On the other hand, social media platforms should not interfere with the public discourse to the point that it skews the events. Even if you are not a fan of Donald Trump, you have to admit that deplatforming him was silencing an individual, which defies the point of free speech. Interfering will drive users to use more niche apps like Trump’s Truth Social, which only creates an echo chamber. And THAT definitely does nothing good for the public.

The Judges will find themselves stuck between a rock and a hard place. That’s for sure.

The alarming part is the timing.

The 2024 U.S. presidential elections are quickly approaching (November 5th, 2024), but not before the Supreme Court makes a decision (sometime around June). Not only could it transform the internet, but it could also swing the elections.

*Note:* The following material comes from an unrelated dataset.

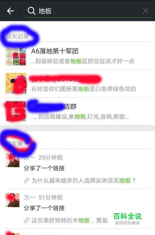 输入你要搜索的内容,比如输入地板,就会出来和地板有关的一切消息,包括聊天记录,你发的朋友圈信息,或是别人发的朋友圈信息。

The content of social media platforms, including Facebook, X, and YouTube, holds significant influence over public discourse, especially during election cycles. If these state laws are struck down, the platforms may adopt a more proactive stance in filtering out harmful or misleading content. If these laws are upheld, however, the opposite may happen, as people go rampant with misleading posts. While the average person may not have much sway, a political candidate’s posts may sway the votes.

As I’ve pointed out, not reigning in the amount of moderation a company can conduct on its platform may drive certain demographics away, leading to echo chambers. Such chambers are notorious for only accepting the views and facts that fit their narratives. No one has ever grown intellectually from having their beliefs validated with no challenge.

Another point to consider here is the political advertising and campaigns. If the Supreme Court views these platforms as newspapers of sorts, they will have a greater say in which political ad to run. That also skews the metrics.

This ruling, whether it ends up being in favor of Big Tech or not, will set a precedent for future cases. It will guide how social networking platforms navigate content during election seasons.

This turning point in history will define how we interact with one another online and what these tech companies are supposed to do about it.